The Employee is employed by, and is a stockholder of, the Company. Concurrently herewith, the Company is obtaining additional equity financing and, in connection therewith, is ceasing to operate the consulting business that the Employee has been engaged by the Company to manage and operate. The parties are entering into this Agreement to provide for the termination of the Employee's employment with the Company, the termination of various agreements to which the Employee and the Company are parties, and for various other matters incidental thereto.



NOW, THEREFORE, in consideration of the mutual covenants herein expressed, the parties hereto agree as follows:



1. RESIGNATION.



(a) By mutual consent of the parties, the Employee hereby resigns as an officer and an employee of the Company. The parties acknowledge and agree that the termination of the Employee's employment as contemplated hereby is without cause or fault of either the Employee or the Company and is being effected hereby in order to accommodate the Company's obtaining financing from outside sources.



(b) The Company shall pay the Employee concurrently with the execution hereof in immediately available funds the balance of the Employee's 1996 bonus compensation in the amount of $50,000.



(c) The Employment Agreement dated as of November 15, 1996 between the Employee and the Company is hereby terminated and neither the Employee nor the Company shall hereafter have any rights or duties thereunder.







Exhibit 10.19





2. PURCHASE AND SALE OF STOCK; DELIVERY OF STOCK FROM ESCROW.



(a) The Employee hereby sells, conveys, transfers and assigns 166,750 shares of the Company's Common Stock, $.001 par value per share (the Common Stock of the Company being referred to as "COMMON STOCK"), to the Company, and the Company hereby purchases such shares from the Employee, for a purchase price of $166.75.



(b) The Company hereby (i) waives its rights under Section 2 of the Founder Restricted Stock Agreement dated as of November 15, 1996 between the Employee and the Company (the "Restricted STOCK AGREEMENT") to purchase any of the Employee's shares of Common Stock other than the 166,750 shares thereof that are being purchased by the Company in accordance with Section 2(a) above (the "REPURCHASED Shares"), and (ii) agrees to release to the Employee out of the escrow contemplated by Section 7 of the Restricted Stock Agreement free and clear of the encumbrance created thereby and all other liens and encumbrances (other than those that may have been created by the Employee) one or more share certificates in the Employee's name evidencing 500,250 shares of Common Stock in the aggregate, such share certificates to be issued without reference to the Restricted Stock Agreement or, except as may otherwise expressly agreed to by the Employee in writing, any other agreement (such share certificates being collectively referred to as the "EMPLOYEE SHARE CERTIFICATE"). The Employee hereby represents and warrants to the Company that (i) the Employee is the beneficial owner of the Repurchased Shares and has the right to sell, convey, transfer and assign the same to the Company as contemplated hereby free and clear of all liens and encumbrances except for those created by the Restricted Stock Agreement, the Stockholders' Agreement dated as of November 15, 1996 among the Company, the Employee and other of the Company's stockholders, which Stockholder's Agreement is to be terminated concurrently herewith, and any other agreements to which the Company and the Employee are party.
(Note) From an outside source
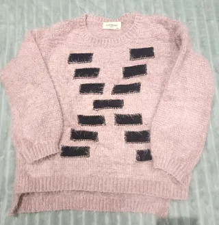 Jersey de punto suave con un diseño moderno. - Tejido mullido y agradable al tacto. - Detalle de parches negros en forma de ladrillo. - Cuello redondo y mangas largas. Jersey o suéter de invierno de mujer en color rosa con detalles en negro. Talla s/m, está como nuevo, usado en muy pocas ocasiones. Es muy calentito Es más largo por detrás que por delante. Ancho de axila a axila 52 cm Largo suéter por delante 54 cm

(c) The transactions contemplated by this Section 2 shall be consummated concurrently herewith by (i) the Company delivering to the Employee its check in the amount of $166.75 and the Employee Share Certificate and (ii) the Company retaining the stock certificate and completing and retaining the stock power (heretofore executed by the Employee) that it holds in accordance with Section 7 of the Restricted Stock Agreement.



(d) The Restricted Stock Agreement is hereby terminated immediately upon the consummation of the transactions contemplated by this Section 2 and, after giving effect to the transactions contemplated by this Section 2, neither the Employee nor the Corporation shall have any rights or duties thereunder.







Exhibit 10.19





3. NONDISCLOSURE AND DEVELOPMENTS AGREEMENT.



(a) The Nondisclosure and Developments Agreement dated as of November 15, 1996 between the Employee and the Company (the "NONDISCLOSURE AGREEMENT") is hereby amended to provide that Grant & Partners Limited Partnership is no longer a third party beneficiary thereof and that the definition of the term "PROPRIETARY INFORMATION" as used therein shall include only (i) all information concerning the Company's organization and financial affairs and (ii) all information and know-how, whether or not in writing, concerning the Company's VALEX software product and the development, production, marketing and the sale thereof, including, but not limited to, all inventions, products, processes, methods, techniques, projects, developments, plans, research data, algorithms, specifications, formula, computer programs, codes and other information relating thereto. The Nondisclosure Agreement is hereby further amended to provide that the term "DEVELOPMENTS" as used therein shall mean all inventions, improvements, discoveries, methods, developments, software and works of authorship related to the Company's Proprietary Information described in clause (ii) of the definition of "Proprietary Information" as set forth above, whether patentable or not, that were created, made, conceived or reduced to practice by the Employee, alone or jointly with others, or under the Employee's direction and known to the Employee during his employment by the Company, whether or not during normal working hours or on the Company's premises.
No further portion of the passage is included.